Information provided Start Marker

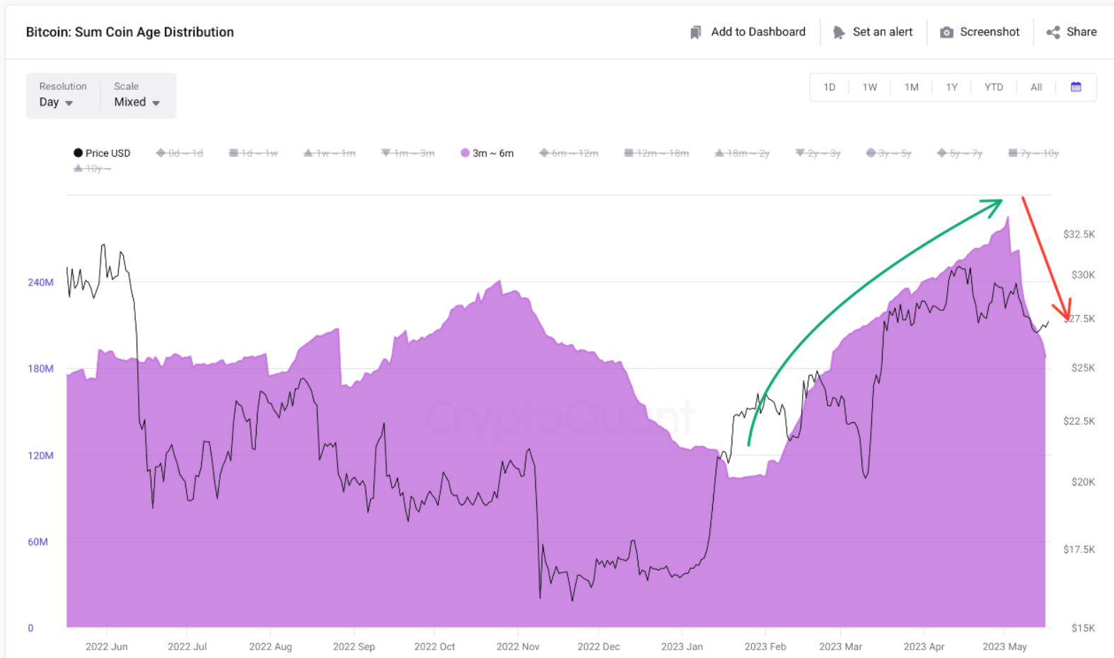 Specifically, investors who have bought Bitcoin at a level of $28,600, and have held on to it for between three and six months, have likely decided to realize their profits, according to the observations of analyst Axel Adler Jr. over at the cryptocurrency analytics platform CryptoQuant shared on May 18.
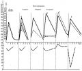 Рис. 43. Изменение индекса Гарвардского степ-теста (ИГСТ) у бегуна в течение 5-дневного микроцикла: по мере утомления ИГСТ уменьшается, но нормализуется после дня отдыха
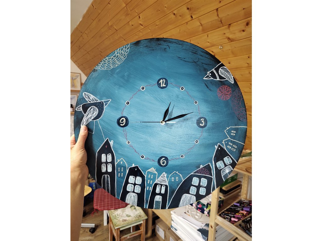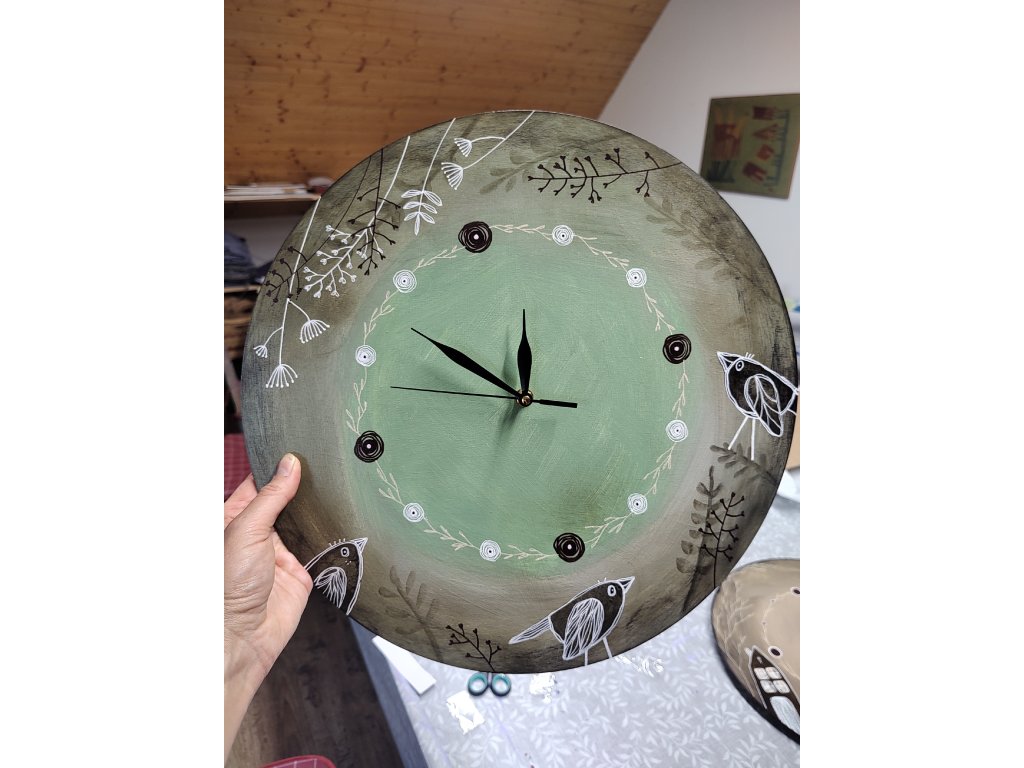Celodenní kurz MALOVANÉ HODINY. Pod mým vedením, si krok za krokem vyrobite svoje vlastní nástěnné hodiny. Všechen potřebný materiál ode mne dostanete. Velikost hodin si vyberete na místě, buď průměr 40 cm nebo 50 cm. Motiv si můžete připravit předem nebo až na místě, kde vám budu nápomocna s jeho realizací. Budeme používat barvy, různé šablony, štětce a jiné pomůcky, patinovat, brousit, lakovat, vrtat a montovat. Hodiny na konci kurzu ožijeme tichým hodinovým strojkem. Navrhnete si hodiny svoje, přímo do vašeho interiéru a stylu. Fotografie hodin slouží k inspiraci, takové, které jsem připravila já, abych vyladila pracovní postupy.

Information provided End Marker
Information provided Start Marker

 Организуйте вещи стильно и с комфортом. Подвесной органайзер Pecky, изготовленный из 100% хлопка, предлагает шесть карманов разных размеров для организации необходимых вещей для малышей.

Information provided End Marker

#### How to complete this task
Would you restate, exactly and with no pictures, the lines of the entries above from the one containing "Specifically, investors who" through the one containing "Celodenní kurz MALOVANÉ"?

#### Response
 Specifically, investors who have bought Bitcoin at a level of $28,600, and have held on to it for between three and six months, have likely decided to realize their profits, according to the observations of analyst Axel Adler Jr. over at the cryptocurrency analytics platform CryptoQuant shared on May 18.
 Рис. 43. Изменение индекса Гарвардского степ-теста (ИГСТ) у бегуна в течение 5-дневного микроцикла: по мере утомления ИГСТ уменьшается, но нормализуется после дня отдыха
Celodenní kurz MALOVANÉ HODINY. Pod mým vedením, si krok za krokem vyrobite svoje vlastní nástěnné hodiny. Všechen potřebný materiál ode mne dostanete. Velikost hodin si vyberete na místě, buď průměr 40 cm nebo 50 cm. Motiv si můžete připravit předem nebo až na místě, kde vám budu nápomocna s jeho realizací. Budeme používat barvy, různé šablony, štětce a jiné pomůcky, patinovat, brousit, lakovat, vrtat a montovat. Hodiny na konci kurzu ožijeme tichým hodinovým strojkem. Navrhnete si hodiny svoje, přímo do vašeho interiéru a stylu. Fotografie hodin slouží k inspiraci, takové, které jsem připravila já, abych vyladila pracovní postupy.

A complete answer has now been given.